Professor Doron Kalir Selected as Dean Stapleton Award for Faculty Excellence Recipient

Posted 2022-04-21 1:20pm

CSU Cleveland-Marshall College of Law Professor Doron Kalir has been selected as the 2022 recipient of the Dean Wilson G. Stapleton Award for Faculty Excellence.  He will receive his award at the Cleveland-Marshall Law Alumni Association Annual Luncheon on May 26.

The award is named for CSU C|M|LAW Hall of Fame member Dean Wilson G. Stapleton ’34, who served the law school for 32 years as a faculty member and later as dean.

“It is truly a tremendous honor for me to be even considered for the Award, let alone winning it,” said Kalir.

Professor Kalir joined the CSU C|M|LAW faculty in 2012.  He has recently been quoted as a legal expert on the Supreme Court and its decisions by several national publications including Newsweek and Business Insider.  

Kalir directs and teaches in the law school’s Appellate Practice Clinic, where students represent underprivileged communities, in addition to teaching Contracts. 

Under Professor Kalir’s direction, the Appellate Practice Clinic has experienced tremendous success, including winning its last three appeals with the U.S. Sixth Circuit Court of Appeals and several others before the 8th District Court of Appeals.

“We are very blessed for having students who are truly passionate about the cause,” explained Kalir. “Whether we represent prisoners who were poorly represented at trial; immigrants who are deported for no good reason; members of our local community who cannot afford legal representation but need to fight adverse parties who ‘lawyered up’ – in each case our students took the case with utmost seriousness, and produced excellent briefs for the Court.”

Representing underprivileged communities – such as persons afflicted with homelessness, immigrants, LGBTQ members, and others – before state and federal appeals courts, students learn how to perfect an appeal, author a brief, and present oral argument. But they also learn about the struggles some face while interacting with the justice system.  Kalir points to some of the Clinic’s current cases – an aunt who only wanted to become her niece's guardian but has to face a lawyer on the other side; a prisoner who went to prison for 23 years due to his trial-attorney's bad advice and now attempts to argue pro se against the United States government; an immigrant who was denied a stay of deportation proceedings despite a change in the government policy – as examples of cases where students are learning to create legal work-product at the highest level while serving a greater need.

“The fact is those who can’t afford legal representation usually need it the most. Bryan Stevenson famously taught us that ‘the opposite of poverty is not wealth but justice’,” said Kalir.  “The least fortunate among us are the ones the need the best representation. That is the kind of representation we’re trying to provide.”
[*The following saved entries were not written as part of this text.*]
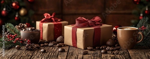 Photo-realistic holiday coffee gift setup, detailed view of coffee-related presents with seasonal decorations, high-definition clarity, natural lighting, warm tones, inviting and elegant presentation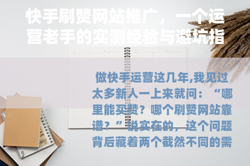 做快手运营这几年,我见过太多新人一上来就问:“哪里能买赞?哪个刷赞网站靠谱?”说实在的,这个问题背后藏着两个截然不同的需求:有人想快速起号,有人纯粹想满足虚荣心,而今天这篇文章,我就以一个在快手摸爬滚打三年、试过不下二十个刷赞网站的老运营身份,跟你聊聊快手刷赞网站推广这件事到底该怎么操作、注意什么、以及哪些钱值得花。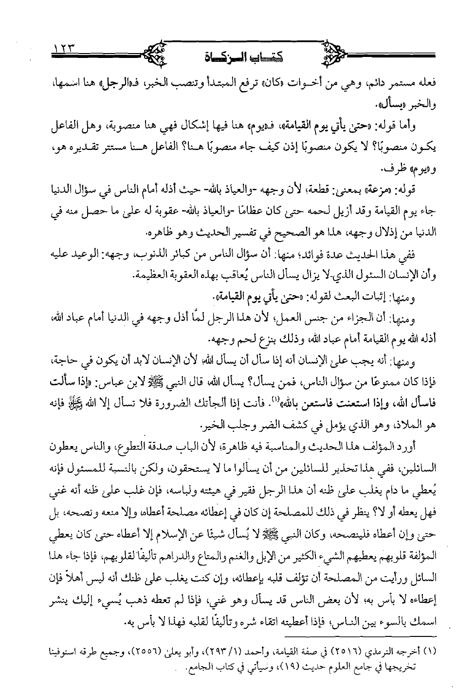 ففي هذا الحديث عدة فوائد؛ منها: أن سؤال الناس من كبائر الذنوب، وجهه: الوعيد عليه وأن الإنسان السئول الذي لا يزال يسأل الناس يعاقب بهذه العقوبة العظيمة.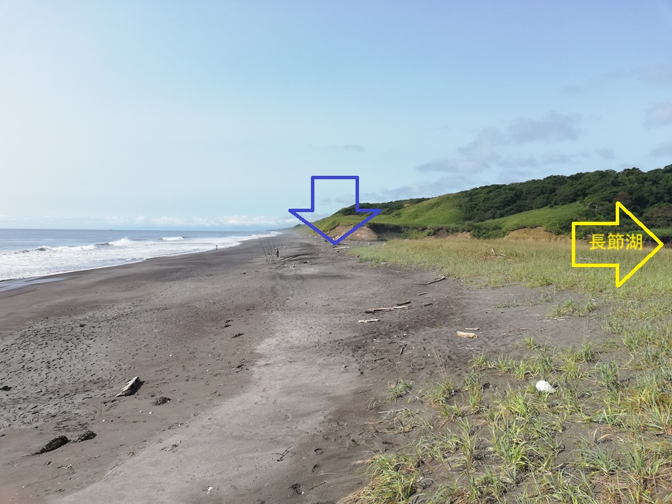 湖の水が海に流れ出る場所ですが、やはり砂で塞がっています。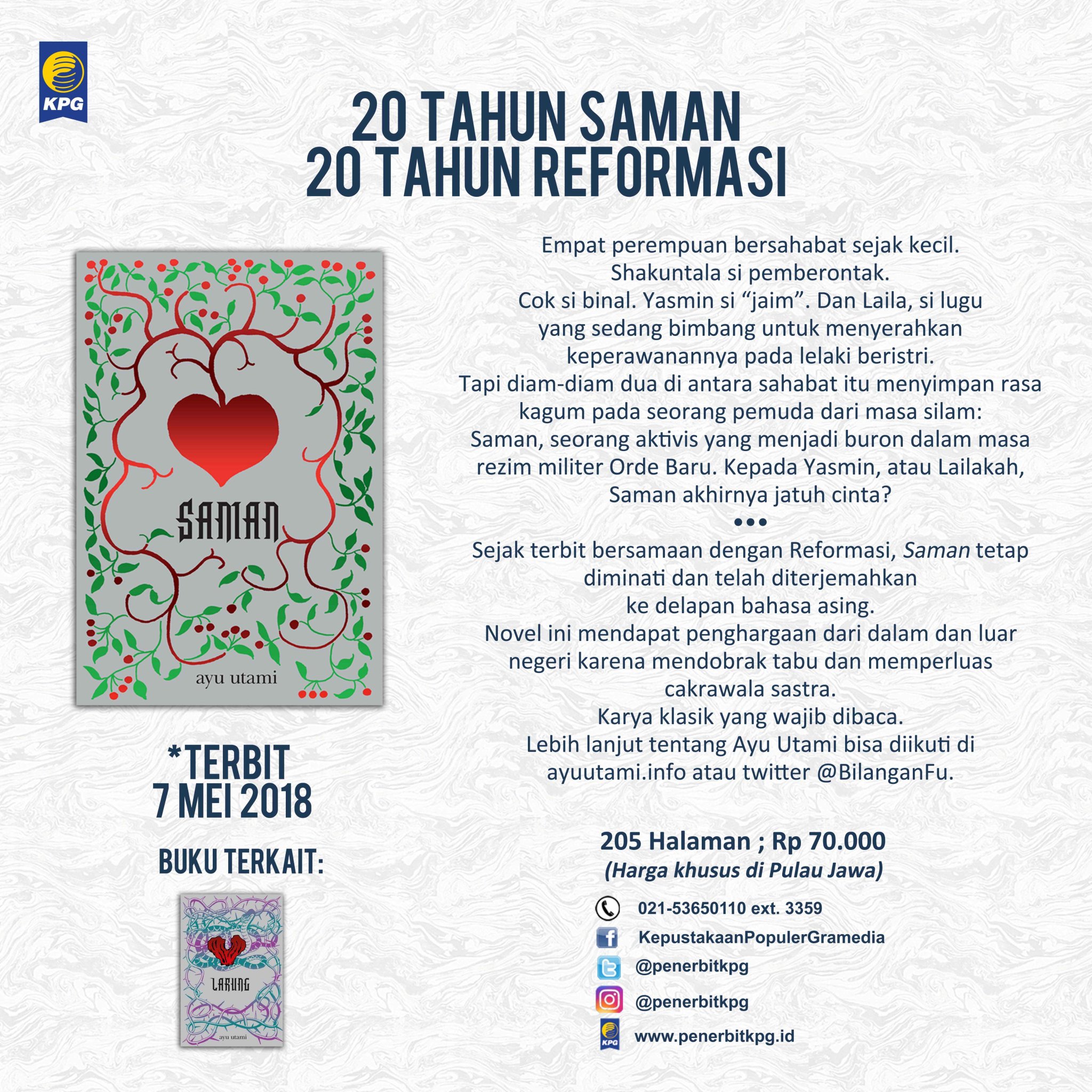 Penerbit KPG on Twitter: “Novel #Saman telah dicetak sebanyak 35 kali sejak pertama kali terbit pada April 1998. Dapatkan segera edisi #20TahunSaman #20TahunReformasi di toko buku @gramedia atau pesan daring via @gramediadotcom.…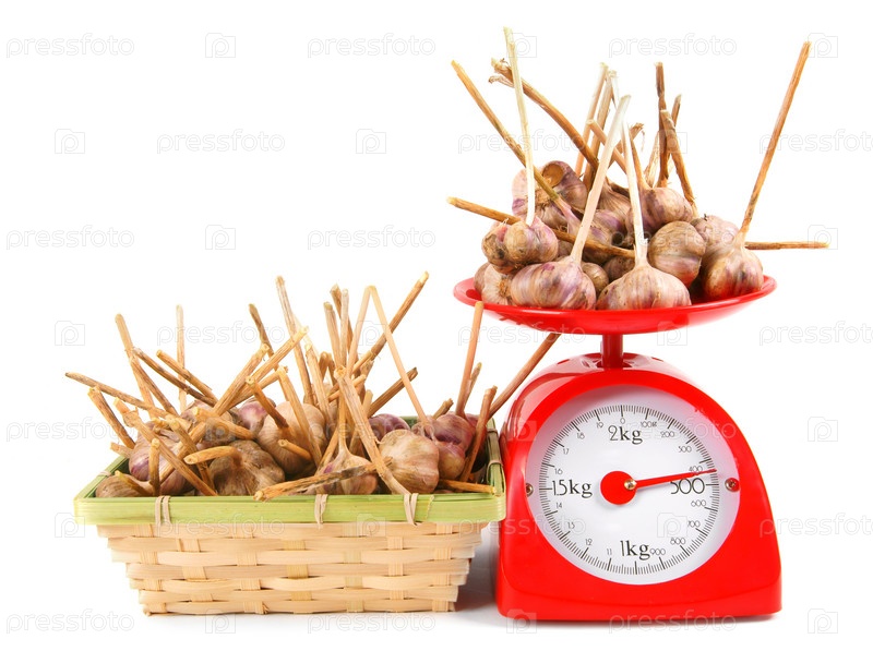 Чеснок на весах и в корзине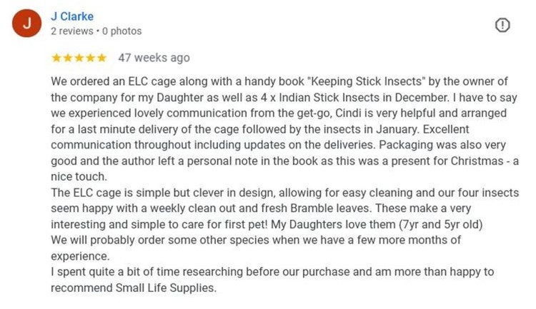 Small-Life Supplies gets 5 star reviews,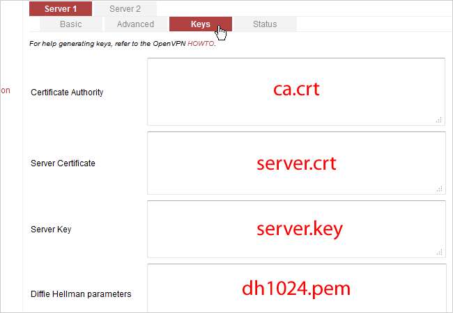 Langkah terakhir kami adalah menempelkan kunci dan sertifikat yang kami buat sebelumnya. Buka tab Keys di sebelah Advanced. Di Windows Explorer, navigasikan ke C: \ Program Files (x86) \ OpenVPN \ easy-rsa \ keys pada 64-bit Windows 7 (atau C: \ Program Files \ OpenVPN \ easy-rsa \ keys pada 32-bit Windows 7). Buka setiap file yang sesuai di bawah ( ca.crt , server.crt , server.key , dan dh1024.pem ) dengan Notepad atau Notepad ++ dan salin isinya. Tempel konten di kotak yang sesuai seperti yang terlihat di bawah ini. Perlu diperhatikan bahwa Anda hanya perlu menempel semua di bawah —–MULAI SERTIFIKAT—– di server.crt . OpenVPN akan tetap berfungsi dengan baik jika Anda menempelkan seluruh file, tetapi itu lebih "bersih" hanya dengan menempelkan info sertifikat yang sebenarnya. Klik Simpan, lalu klik Mulai Sekarang.

Professor Kalir’s most recent publication, The Inner Logic of Bostock published by the Wake Forest Law Review Online in 2021, examines protections provided to one of those underrepresented communities –  LGBTQ members – by the United States Supreme Court in their decision on Bostock v. Clayton County.  His article explains how a formal logic model was used in the seminal opinion, where a conservative Supreme Court granted extremely wide protections to LGBTQ employees under Title VII of the Civil Rights Act of 1964.

Born and raised in Israel, Kalir became interested in the law from a very early age, inspired by his father who was a lawyer and also “the wisest person he’s ever met.”  When he was 12, Kalir was particularly inspired after reading “Courtroom” by Quentin Reynolds – a book about a Jewish lawyer Sam Leibowitz, who came to America from Europe and became one of this country’s most prominent defense attorneys.  But before studying law, Kalir completed a full military service in his home country. 

Speaking on the impact of his military service on his legal career, Kalir told Cleveland Jewish News in a profile earlier this year, “The notion of right and wrong, and the idea that power should never be abused were well entrenched during my service, and are still with me today… I realized that the rule of law must apply to the actions of the military as well. No one – including the military – can be above the law.”

Kalir first studied law in Israel at the Hebrew University Law School where he completed LL.B and LL.M degrees.  He then came to the United States and earned an LL.M. degree from Columbia Law School.  Kalir worked in private practice – mostly for Skadden, Arps in New York City – as an antitrust Attorney for several years before joining the Cleveland-Marshall faculty.

Professor Kalir knows he has found his calling in teaching.  When he interviewed to join the Cleveland-Marshall faculty, he told the interview committee that if accepted, he would “whistle every day on my way to work.”  To this day, he sometimes finds himself doing just that.

“I always loved teaching law,” explained Kalir.  “I have been teaching since my third year of law school, and never stopped since. The energy the students bring, the back and forth, the fact that they always, always keep you on your toes, makes this profession the best in the world, by far.  It’s truly a dream-come-true.”